- Born: 1 January 1971 Bedfordshire, England
- Died: 11 June 2007 (aged 36) Luton and Dunstable Hospital, Bedfordshire, England, United Kingdom
- Other name: Jon
- Police career
- Department: Bedfordshire Police
- Service years: 2004–2007
- Rank: Police Constable

= Murder of Jonathan Henry =

2007 murder case in the United Kingdom

PC Jonathan Charles Henry (1 January 1971 – 11 June 2007) was a British police officer who was murdered in Luton, Bedfordshire, whilst on duty and responding to reports of a stabbing in the town centre.

==Background==
Henry had served in the Bedfordshire Police force for three years prior to his death, and worked previously as a floor fitter in the Luton area. He married Mary in 2005 and had an infant daughter, Maggie.

==Murder==
At around 7:18 am on 11 June 2007, having begun his shift at 7 am, Henry responded to 999 calls reporting a stabbing on George Street in Luton town centre. A window cleaner, Stephen Chamberlain, had been stabbed in a random attack. Henry approached the suspect from behind to attempt to arrest him but was stabbed in the chest with a 4+1/2 inch knife; he was stabbed a second time as he lay on the ground wounded.

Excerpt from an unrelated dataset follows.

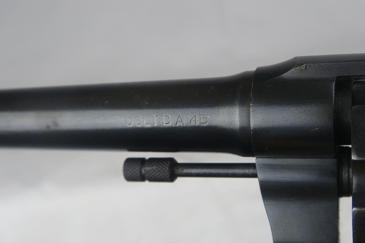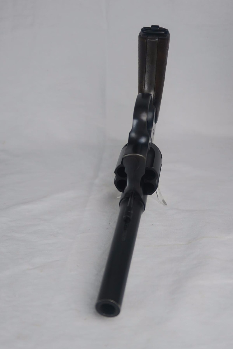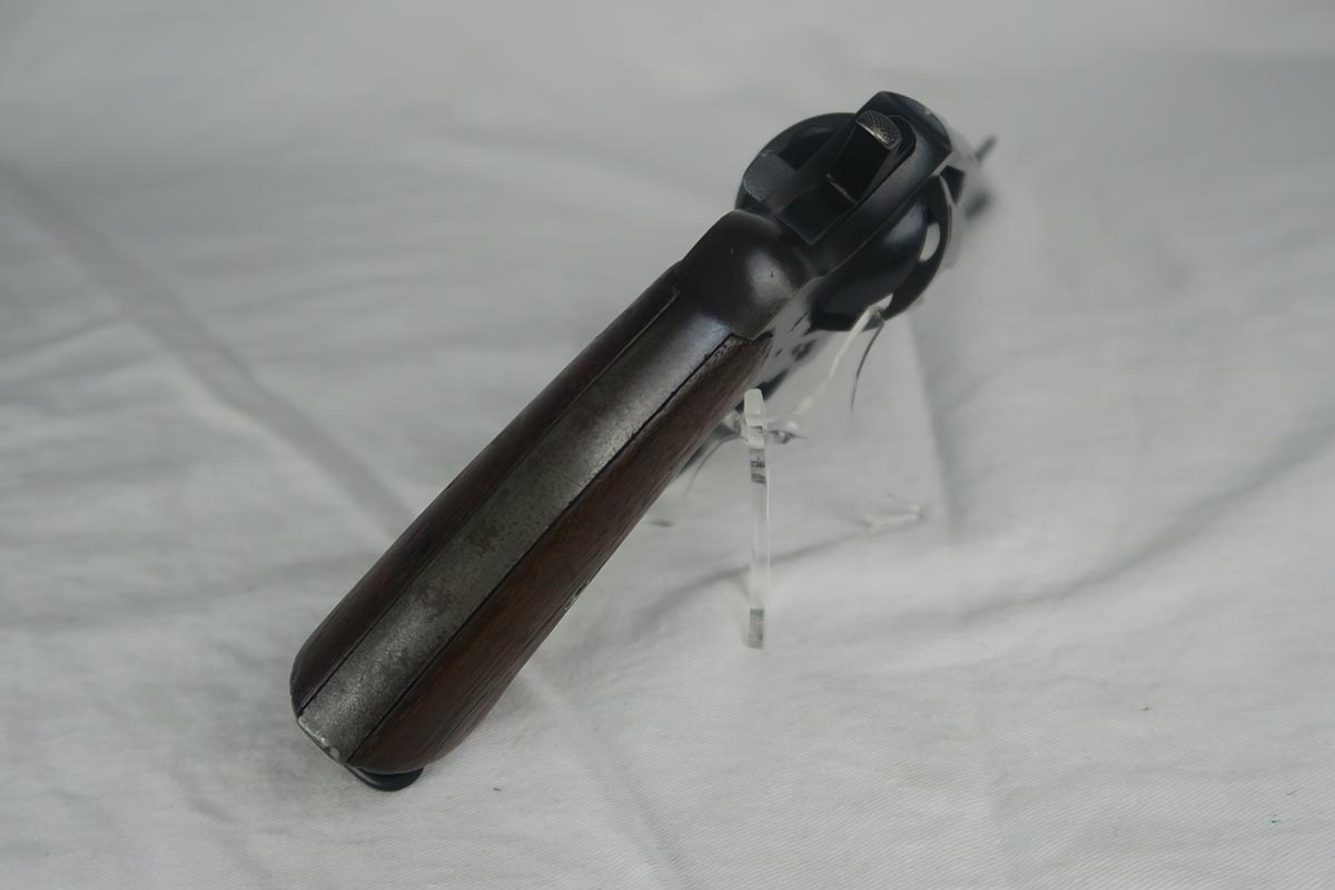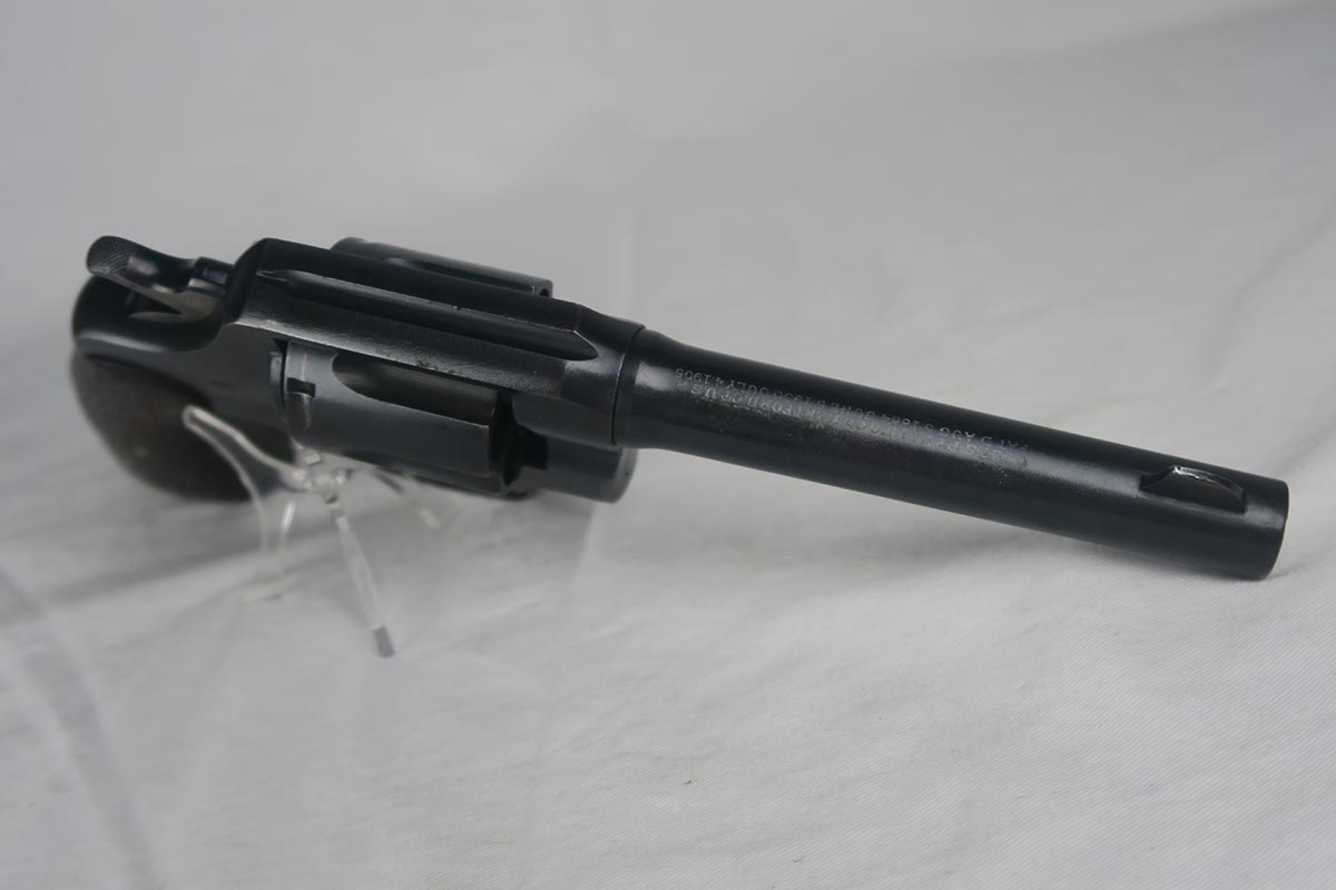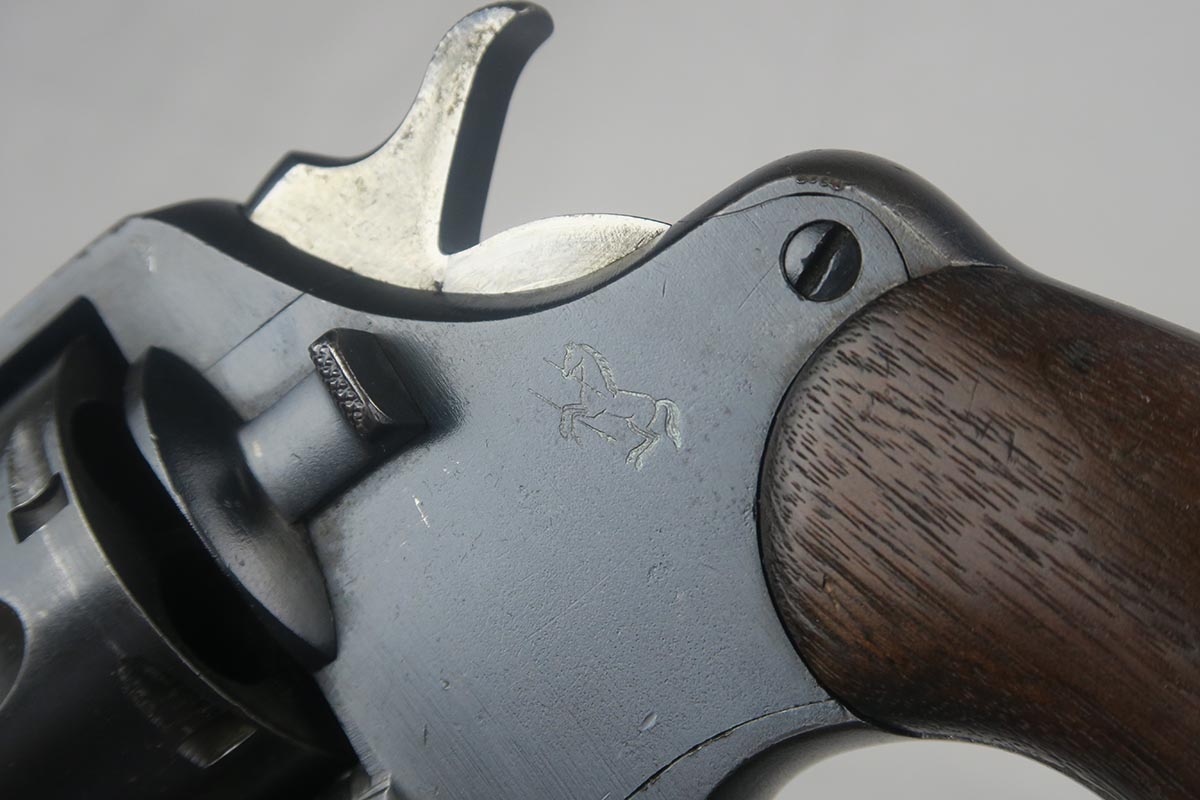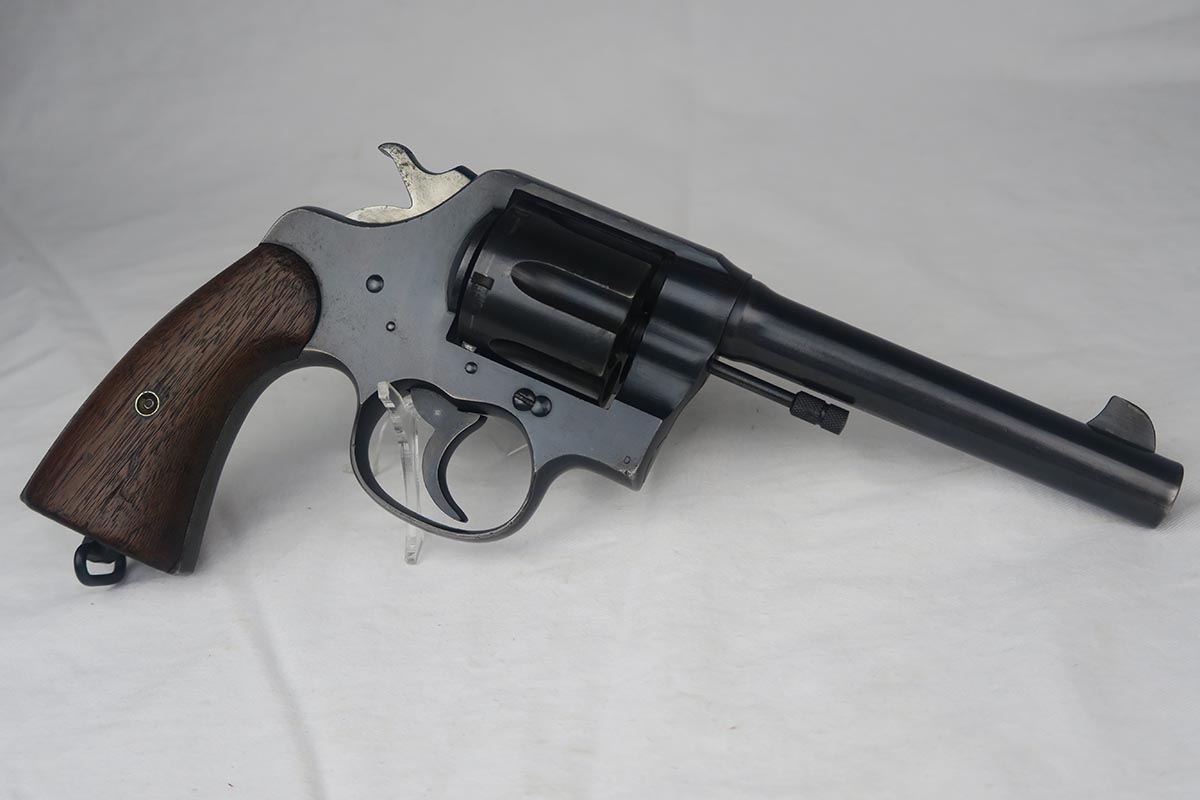 9/5/17 – This is a Colt model 1917 revolver that is United States Property marked and was issued to the American Army around the end of WWI.  The finish rates at about 90% with most of the finish loss on the straps.  The frame is ‘AA’ marked, meaning it was refurbished by Augusta Arsenal in preparation for use during World War II.  Grips have a couple dings but no major issues.  Excellent bore and action.

Another window cleaner, David Knight who was also stabbed in the arm, struck the suspect over the head with a window cleaning pole. Police back-up officers then used a baton round and two shots from a Taser to subdue the suspect.

Henry was taken to Luton and Dunstable Hospital by ambulance but died of his injuries later that day.

==Conviction==
Ikechukwu Tennyson Obih, a 29-year-old Nigerian immigrant, was convicted of Henry's murder on 26 March 2009 and sentenced to life imprisonment with a minimum tariff of 25 years by Mr Justice Bean.

Obih abused alcohol and cannabis and from 2004 he heard voices and hallucinations and had delusions. During his trial the jury heard how Obih believed that he had special powers, could predict the future, and could make something explode just by pointing at it. He also distrusted the police.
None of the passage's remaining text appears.